_PROVIDED INFORMATION_
============

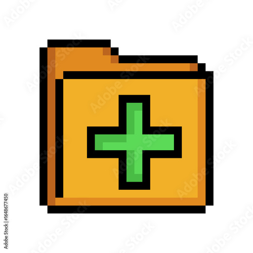 Obraz premium Pixel Art Folder Icon with Green Plus Symbol
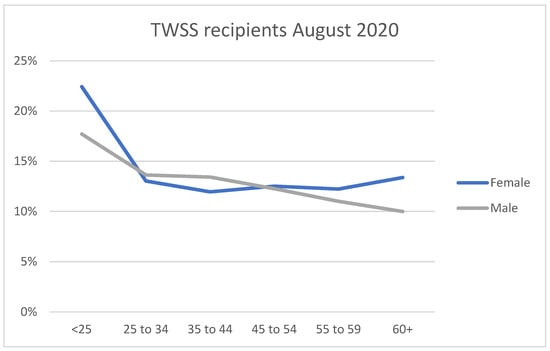 The proportion of each age cohort in receipt of the Temporary Wage Subsidy Scheme in August 2020. Source: Revenue Commissioners, Available online: https://revenue.ie/en/corporate/information-about-revenue/statistics/number-of-taxpayers-and-returns/covid-19-wage-subsidy-scheme-statistics.aspx (accessed on 1 October 2020).
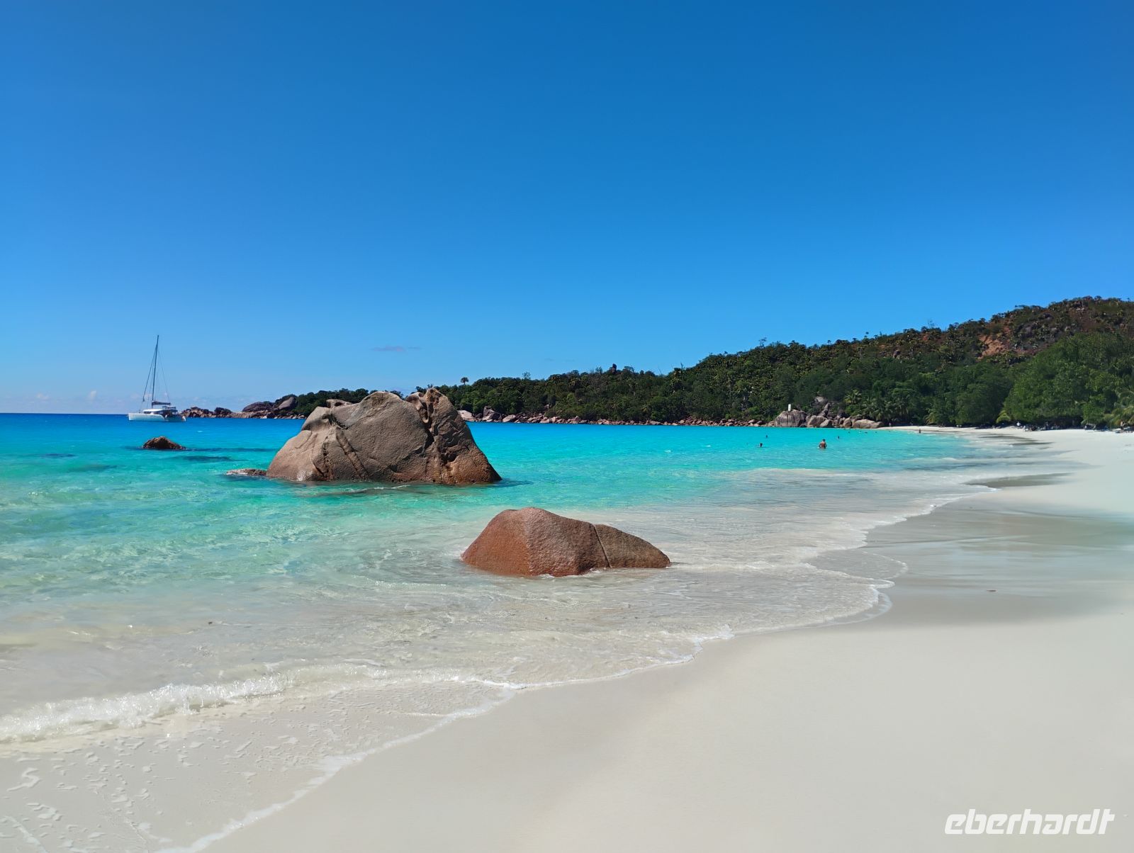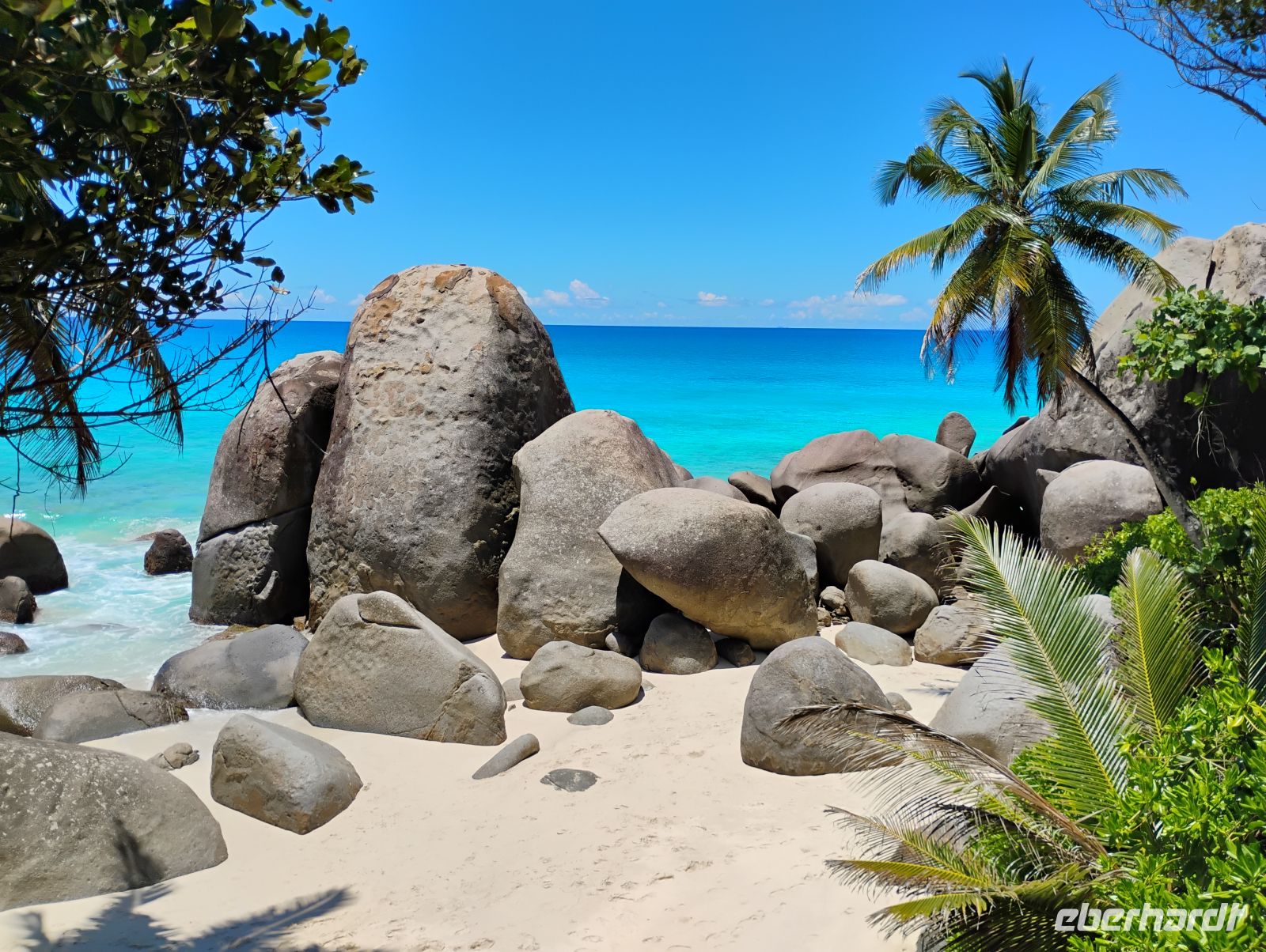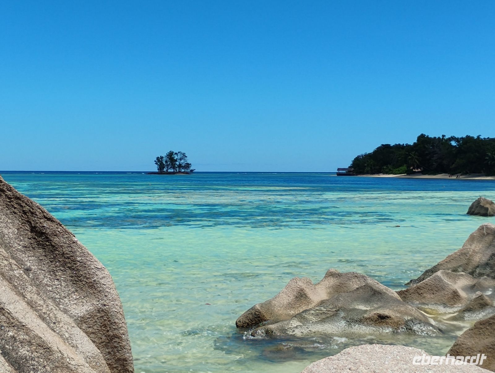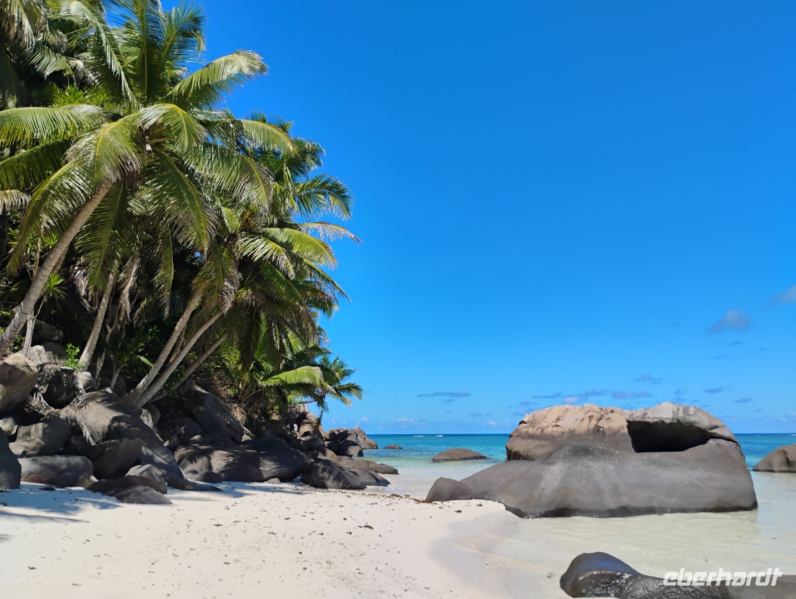 Ganz anders präsentiert sich anschließend der berühmte Anse Source d’Argent. Mit seinen bizarren Granitfelsen, dem hellen Sand und dem flachen Wasser gehört er zu den bekanntesten Stränden der Welt und ist eines der meistfotografierten Motive der Seychellen. Auch wenn das Wasser heute nicht ideal zum Baden oder Schnorcheln ist, begeistert die einzigartige Kulisse.
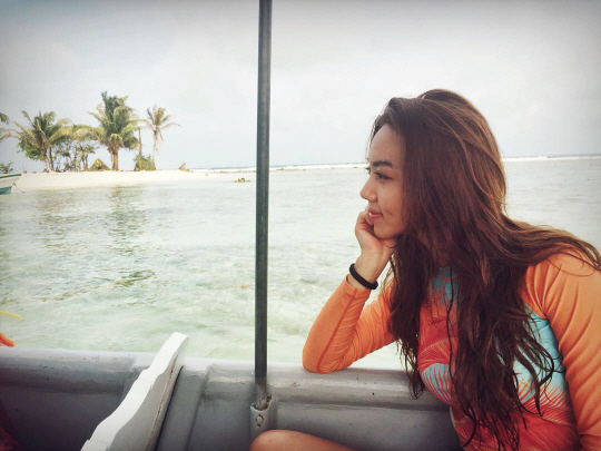 공개된 사진 속 김희정은 주황색 래쉬가드를 입고 조각 같은 미모를 과시하고 있다. 특히 그는 몸매가 드러나는 래쉬가드로 굴곡진 몸매를 노출해 시선을 끈다.
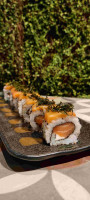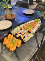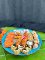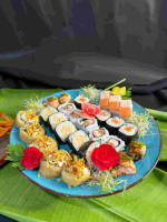 5 hossomaki de salmão fresco, 5 uramaki de salmão fresco e kani, 5 futomaki de salmão grelhado, 5 hot rolls de salmão grelhado e skin, 4 dragon, 3 batera ( salmão fresco e patê de kani) .
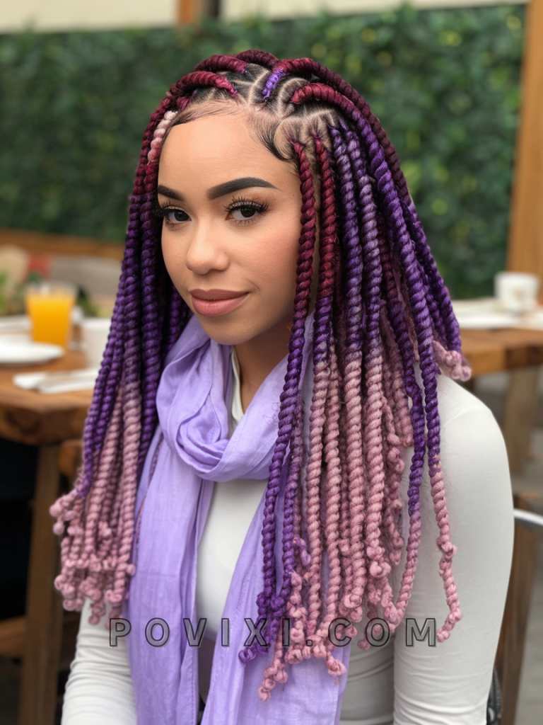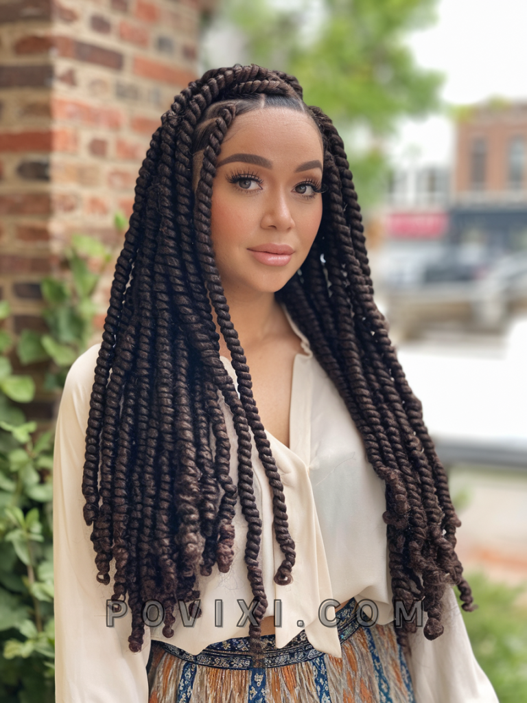Jumbo passion twists are bold and statement-making, perfect for those who love a voluminous and impactful style. These large twists add texture and drama, making them ideal for a night out or a creative photoshoot. Best suited for round and heart-shaped faces, they highlight facial features while offering a protective style.
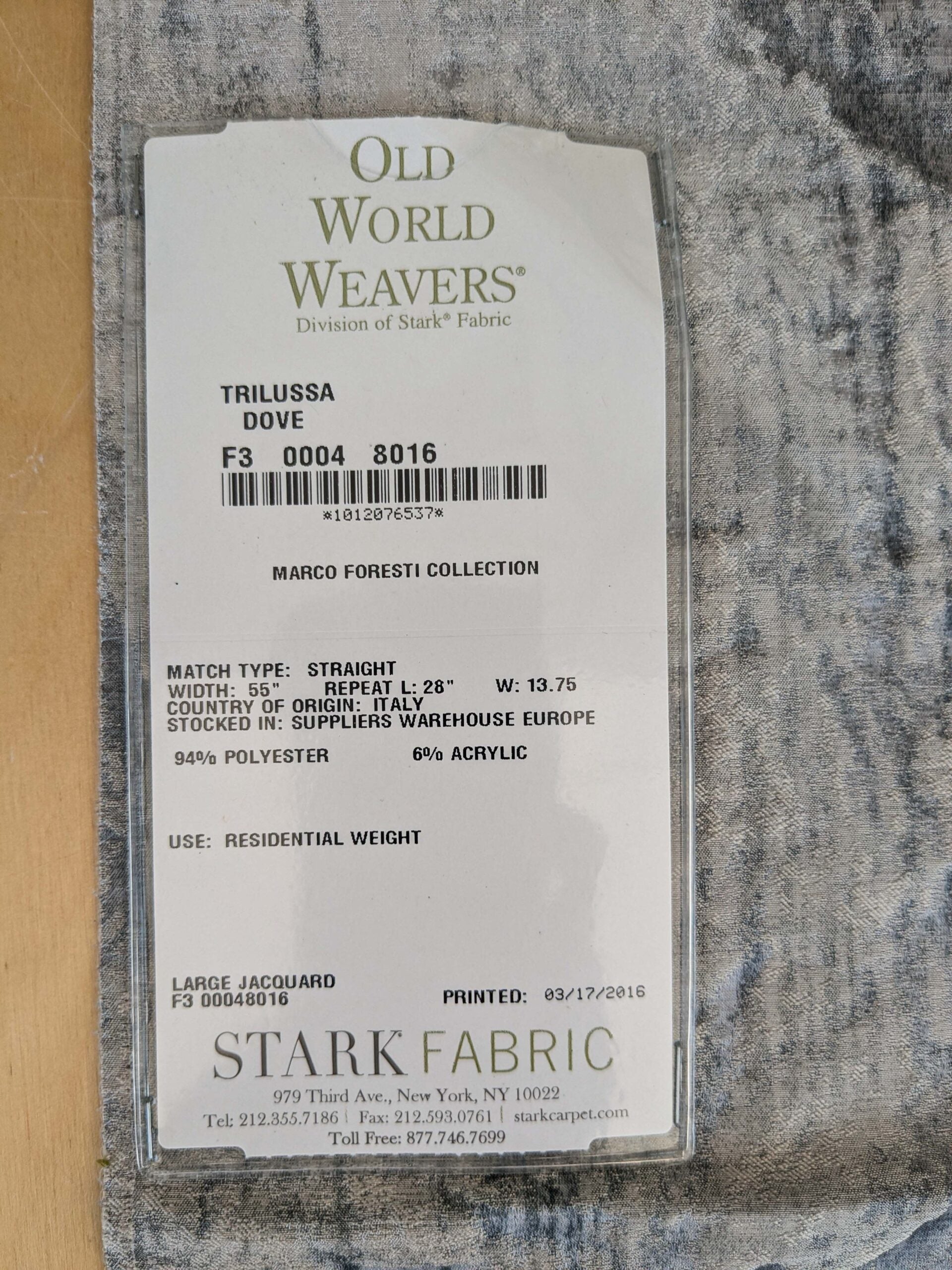 81 EV37 26" x 27" Old World Weavers Trilussa Dove Light Gray Abstract Large Jacquard

============

_REQUIRED ACTION_
Transcribe the listing above exactly, leaving every picture out.

_OUTPUT OF THE EXERCISE_
 Obraz premium Pixel Art Folder Icon with Green Plus Symbol
 The proportion of each age cohort in receipt of the Temporary Wage Subsidy Scheme in August 2020. Source: Revenue Commissioners, Available online: https://revenue.ie/en/corporate/information-about-revenue/statistics/number-of-taxpayers-and-returns/covid-19-wage-subsidy-scheme-statistics.aspx (accessed on 1 October 2020).
 Ganz anders präsentiert sich anschließend der berühmte Anse Source d’Argent. Mit seinen bizarren Granitfelsen, dem hellen Sand und dem flachen Wasser gehört er zu den bekanntesten Stränden der Welt und ist eines der meistfotografierten Motive der Seychellen. Auch wenn das Wasser heute nicht ideal zum Baden oder Schnorcheln ist, begeistert die einzigartige Kulisse.
 공개된 사진 속 김희정은 주황색 래쉬가드를 입고 조각 같은 미모를 과시하고 있다. 특히 그는 몸매가 드러나는 래쉬가드로 굴곡진 몸매를 노출해 시선을 끈다.
 5 hossomaki de salmão fresco, 5 uramaki de salmão fresco e kani, 5 futomaki de salmão grelhado, 5 hot rolls de salmão grelhado e skin, 4 dragon, 3 batera ( salmão fresco e patê de kani) .
Jumbo passion twists are bold and statement-making, perfect for those who love a voluminous and impactful style. These large twists add texture and drama, making them ideal for a night out or a creative photoshoot. Best suited for round and heart-shaped faces, they highlight facial features while offering a protective style.
 81 EV37 26" x 27" Old World Weavers Trilussa Dove Light Gray Abstract Large Jacquard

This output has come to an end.